Grammont.—Grammont lace, so called from the town of Grammont, in Belgium, where it was originally manufactured, is of two kinds: (a) A cheap, white pillow lace. (b) A black silk lace, resembling the Chantilly blondes. These laces are made for flounces and shawls, and were used both in America and Europe. As compared with Chantilly, the ground is coarser and the patterns are not so clear-cut and elegant as the real Chantilly.
Gueuse.—A thread pillow lace made in France during the eighteenth century. The ground of this lace was réseau, and the toilé was worked with a thicker thread than the ground. It was formerly an article of extensive consumption in France, but, after the beginning of the nineteenth century, it was little used, except by the poorer classes.
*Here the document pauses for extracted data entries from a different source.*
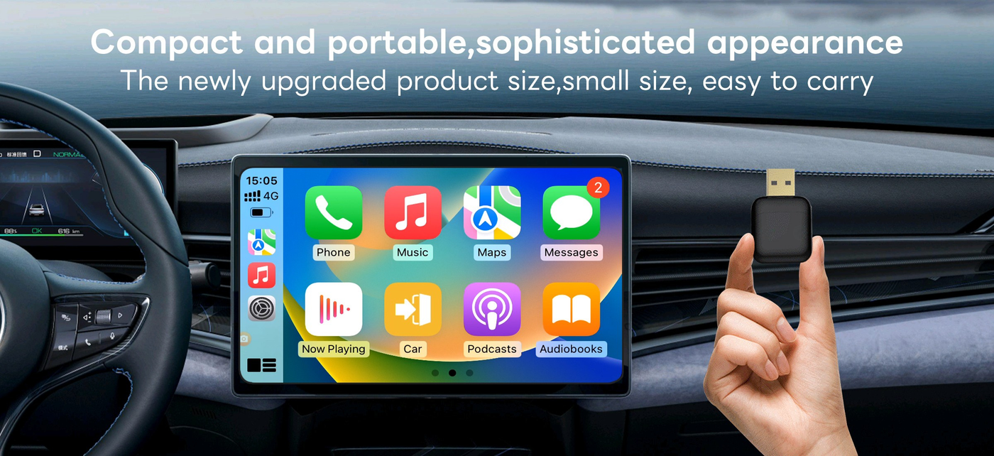 Our reliable wireless CarPlay adapter eliminates connection drops and delays. Experience quick responses, ultra-low latency, and steady performance while navigating or streaming. Stay focused on the road with stable, lag-free wireless CarPlay. - 【🧩 Ultra-Compact Design, Zero Clutter】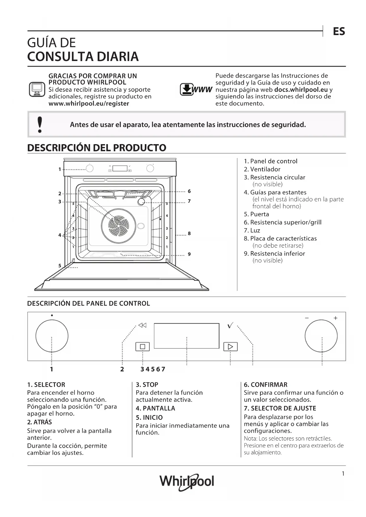 CONSULTA DIARIA GRACIAS POR COMPRAR UN PRODUCTO WHIRLPOOLSi desea recibir asistencia y soporte adicionales, registre su producto en www . whirlpool . eu / register WWW Puede descargarse las Instrucciones de seguridad y la Guía de uso y cuidado en nuestra página web docs.whirlpool.eu y siguiendo las instrucciones del dorso de este documento. Antes de usar el aparato, lea atentamente las instrucciones de seguridad.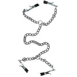 Die Klammern sind weich mit abgerundeten Gummispitzen, die nicht zu fest auf die Haut drücken. Alle Klammern sind mit einer Kette verbunden.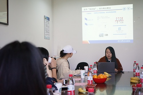 随后,双方就大学生的思想引领、理论宣讲以及微党课制度等方面展开了深入的交流和探讨。李济沅老师进一步详细列举了电气学院在学生党建工作上的扎实工作和创新举措,王惠如同学也针对微党课的具体实施和成效进行了补充和完善。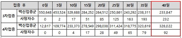 28일 중앙방역대책본부(방대본)에 따르면, 이스라엘에서 3차접종과 4차접종 후 사망률을 비교 연구한 결과 60세 이상 연령층에서 3차접종 완료군과 비교했을 때 4차접종 완료군의 사망률이 감소한 것으로 나타났다.
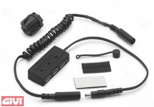 dran mit 2 ca. 1 m langen USB-Kabeln im Tankrucksack.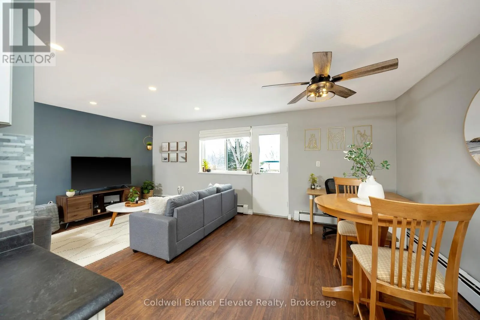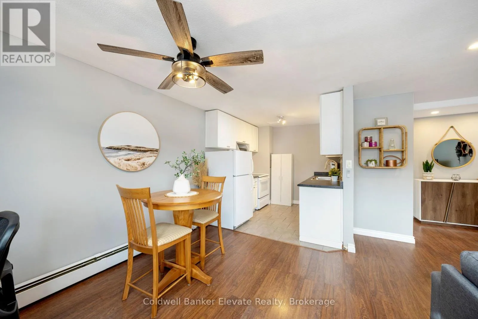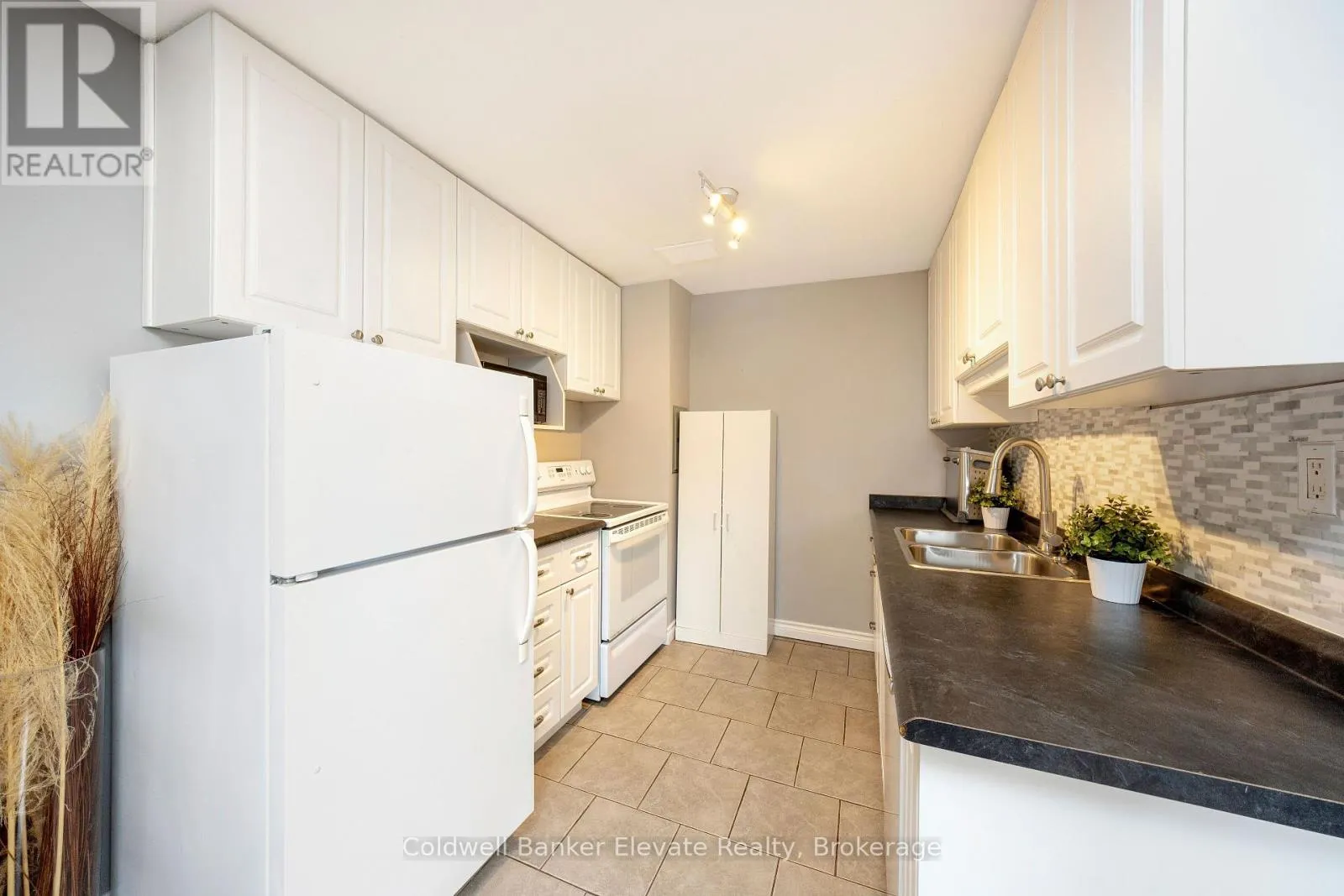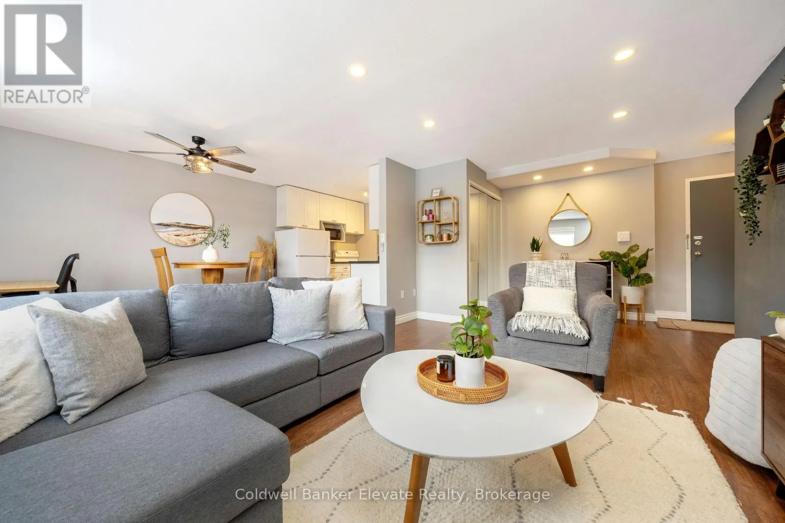 Mill & Main Street Cute as a button and completely move-in ready, this 1 bedroom, 1 bathroom condo is ideally located in one of the best spots in town, just steps to downtown Georgetown, shops, and the local Farmers' Market. The bright and functional layout begins with a welcoming front foyer featuring ceramic tile flooring, a flush mount light, and a double mirrored closet offering ample storage. The living room showcases laminate flooring, recessed pot lights, a sunny south facing window, and a walk out to the balcony with open south facing views. The open concept dining area continues the laminate flooring, features a ceiling fan with integrated light, and shares access to the balcony, creating a seamless indoor outdoor living experience. The kitchen offers ceramic flooring, a mosaic tile backsplash, laminate countertops, a double stainless-steel sink, track lighting, and an open concept design ideal for everyday living. The spacious primary bedroom includes laminate flooring and a south facing window that fills the room with natural light. The renovated four-piece bathroom features a modern vanity with sink, updated vanity lighting, and a tub and shower combination with sliding glass doors. Ensuite laundry adds everyday convenience with a Bosch front load washer and dryer included. Additional highlights include one exclusive parking space, visitor parking, bike storage and a private storage locker located in the building. Maintenance fees are all inclusive, covering hydro, heat, and water. Ideally located close to schools, parks, and minutes to GO, this is the perfect opportunity for first time home buyers. (id:27476)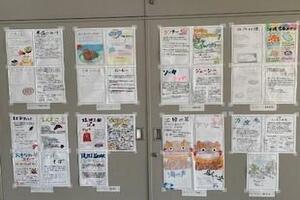 発見Ⅱの授業で「壁新聞グランプリ」を開催中です。就学旅行で訪れる沖縄について班ごとにテーマを決め、調べた内容を壁新聞にまとめて展示しています。イラストや文章も工夫し、みんなが興味を持てる内容になっています。投票して順位を決め、修学旅行のレクリエーション時に表彰予定です。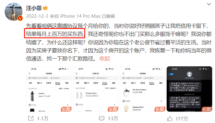 (汪小菲晒出的每月生活开销)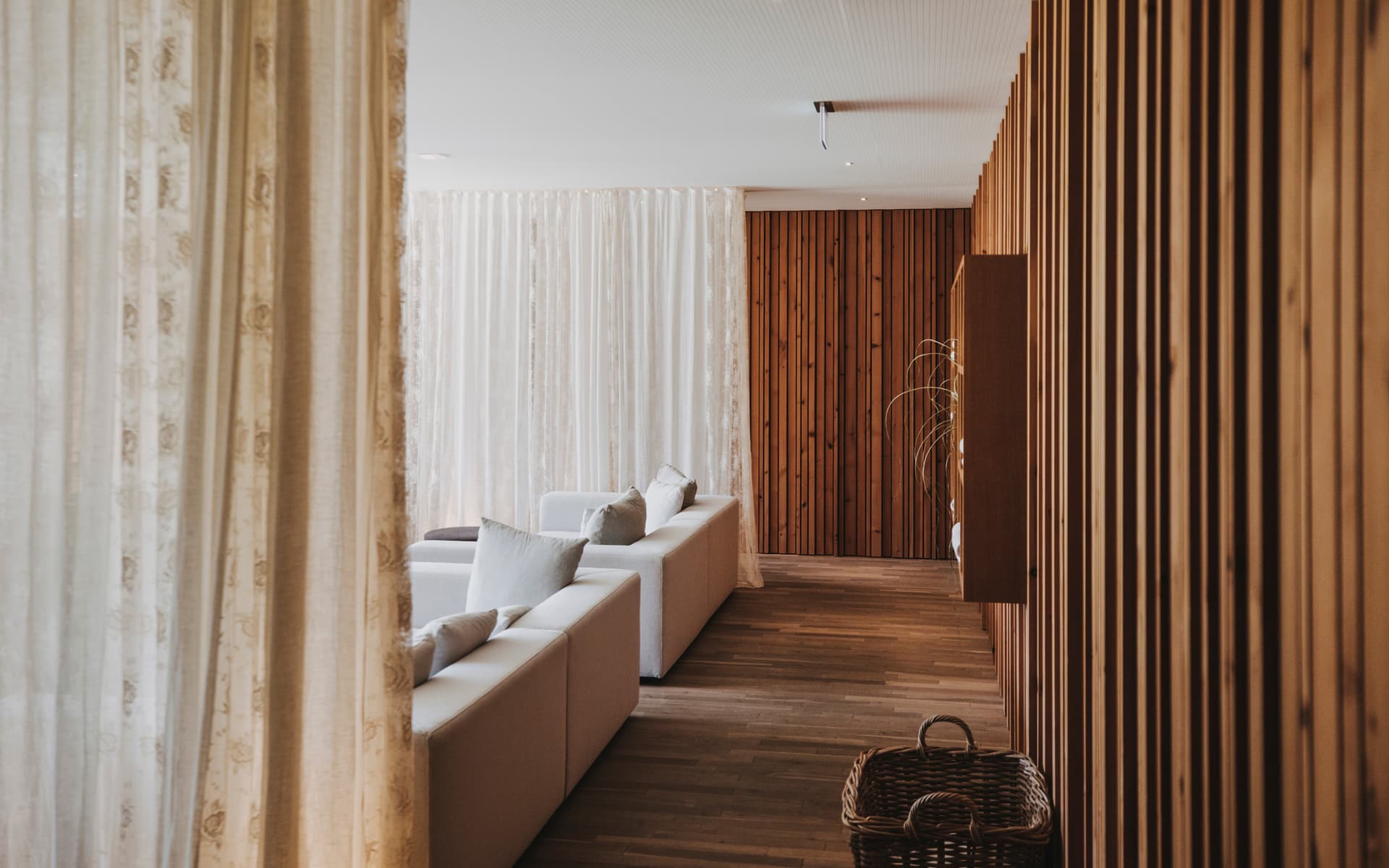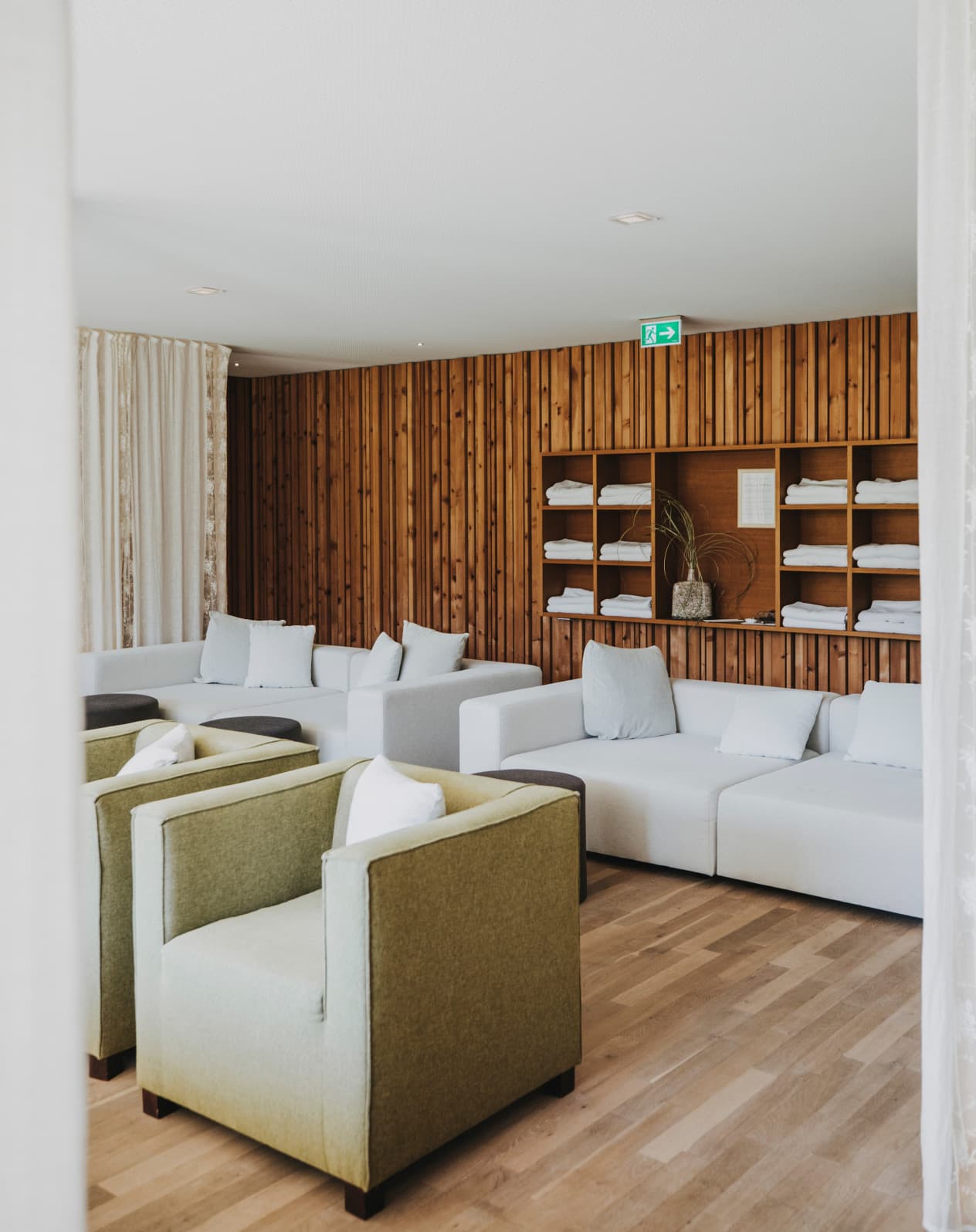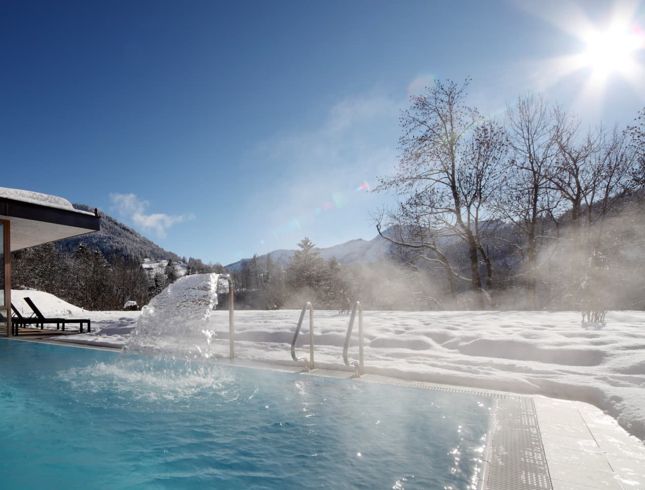 Lichtdurchfluteter Pavillon mit hochwertigen Magazinen zum Schmökern. Indoor-Einstieg zum beheizten Außenpool.

It was formerly called "Beggars' lace."
Guipure.—It was originally a kind of lace or passement made of cartisane and twisted silk. The name was afterward applied to heavy lace made with thin wires whipped around the silk, and with cotton thread. The word guipure is no longer commonly used to denote such work as this, but has become a term of variable designation, and it is so extensively applied that it is difficult to give a limit to its meaning. It may be used to define a lace where the flowers are either joined by brides, or large coarse stitches, or lace that has no ground. The modern Honiton and Maltese are guipures, and so is Venetian point. But as the word has also been applied to large, flowing pattern laces, worked with coarse net grounds, it is impossible to lay down any hard and fast rule about it.
Henriques.—A fine stitch or point, used both in early and modern needle-point work.